Убранство поражало: всюду цветы, переливающиеся ленты, парящие огоньки, фонтаны вина, горы фруктов – медовые яблоки и груши, янтарный виноград, синие, словно ночь сливы, гранаты и многое другое, что Фока видела впервые. На увитом плющом возвышении стояли музыканты; скрипки и флейты разливали над поляной нежную ненавязчивую мелодию, в которую вплетались звонкие колокольчики разговоров присутствующих.
Фея аккуратно шла сквозь пеструю толпу, приглядываясь к волшебным созданиям. Сегодня вечером они не скрывали свои лица – прекрасные, необычные и уродливые; белые, зеленые, серые; с глазами и без, с носами картошкой, палочкой, вообще лишенные носов и многие другие. Но не было никого, похожего на Фолу. Никого с ее невысокой, тоненькой фигурой. Никого, с ее черными глазами, высокими острыми скулами и светлой кожей, цвета болотной ряски. Никого с ее пушистыми волосами, переливающимися словно водоросли в солнечных лучах.
Фока подошла к «стене» – высоким зарослям кустарника – и присела на мшистый валун. Подобных этому вдоль стен располагалось немало, чтобы гости праздника могли присесть, если захочется, но пока желающих не было, разве что фэйри в черном платье. Среди ярких, словно цветы и драгоценные камни, волшебных созданий она выделялась. А еще она удивительно походила на человека – невысокая, светлокожая, со вздернутым курносым носиком. Но она совершенно точно принадлежала Народу Холмов, об этом говорили и золотистые волосы и синие с вертикальным зрачком глаза. Фока видела девушку впервые, поэтому беззастенчиво разглядывала ее, и незнакомке такое внимание не понравилось. Она встала, смерила Фоку неприязненным взглядом и нырнула в толпу танцующих. Это напомнило фее, зачем она явилась на праздник. Но как найти сестру? Даже если она здесь, то можно бродить по поляне всю ночь и не встретить ее!
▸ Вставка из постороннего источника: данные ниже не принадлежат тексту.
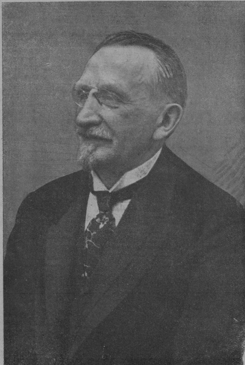
Ravnatelj opere Narodnega divadla, kapelnik Karel Kovařovic, skladatelj opere „Psoglavci“ in „Na bédidě“, ki je vodil velika koncerta gospodične Eme Destinnove 21. in 22. aprila v „Koncertnem domu“ na Dunaju. Ob ogromni udeležbi dunajskih Čehov je dirigiral orkester Nar. divadla praškega. Dunajski Čehi so sklenili, da si zgrade na Dunaju veliko češko gledišče!

godbo in velikim praporom; po teh so prišli jezdec Sokoli s francoskimi čepicami, za njimi pa so korakale med trobentanjem 9 trobačev trume Sokolov, 14 sokolskih društev z 8 zastavami. Praškega Sokola je vodil sam načelnik dr. Miroslav Tyrš. Nato so korakali in jezdili češki obrtniki: najprej praški mesarji, nato pivarniki (sladarji), pa sodarji, usnarji, jirharji in kožuhovinarji, potem cukrarji, slaščičarji, čokoladarji, klobučarji, vrvarji, zlatarji, nožarji, mečarji, puškarji, steklarji, pa krojači, za njimi študentje in mlinarji, tipografi (tiskarji in stavci), ključavničarji, urarji, kovači, črevljarji, jermenarji ter še drugi »cehi«, a končno brivci in vlasuljarji. Za temi obrtniki, ki so bili vsi v slikovitih zgodovinskih nošah, z godbami, praporji in raznimi orodji, so korakale trume

Пока Фока размышляла и оглядывалась, музыка стихла – на праздник прибыла Королева. Обычно после этого начиналось традиционное представление приглашенных. Распорядитель называл имена, названные выходили из толпы, подходили к трону и кланялись, свидетельствуя свое почтение. Фока и сама не раз оказывалась на их месте, ведь их с сестрой регулярно приглашали на балы. Что ж, если Фола все-таки здесь, то ее объявят. Фея подошла поближе к почетной линии – по прибытии Королевы присутствующие расступились, образовав свободный проход в центре зала. Ближе всего к нему находились те, кому благоволил Двор – родовитые аристократы, талантливые творцы, умелые льстецы. Все они дорожили своим местом и положением, поэтому пробраться дальше третьей линии не получилось, но Фока и так видела дорожку и тех, кто по ней проходил.
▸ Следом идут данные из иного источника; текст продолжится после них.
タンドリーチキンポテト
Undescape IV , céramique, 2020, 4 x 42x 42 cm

Распорядитель объявил уже пятое имя, и пока сестры среди названных не было. Последовало и шестое, и седьмое, и восьмое, счет перевалил за двадцатое, и с каждым шансы услышать нужное сокращались. Наконец прозвучало последнее, двадцать шестое, имя:
– Фэйри Эбигейл Айвз!
После этих слов среди волшебных созданий пронесся шепот. Фока и сама не смогла сдержать удивленный возглас – у одной из Народа Холмов человеческое имя! У той самой незнакомки в черном платье. Она легко и изящно ступала по дорожке, посылая приветливые улыбки то в одну сторону, то в другую, словно все вокруг были счастливы ее видеть. Но Фока видела, что это не так, многие, очень многие смотрели на Эбигейл Айвз неприязненно. Может быть, причина этого крылась в ее имени, может быть в чем-то еще, фея этого не знала.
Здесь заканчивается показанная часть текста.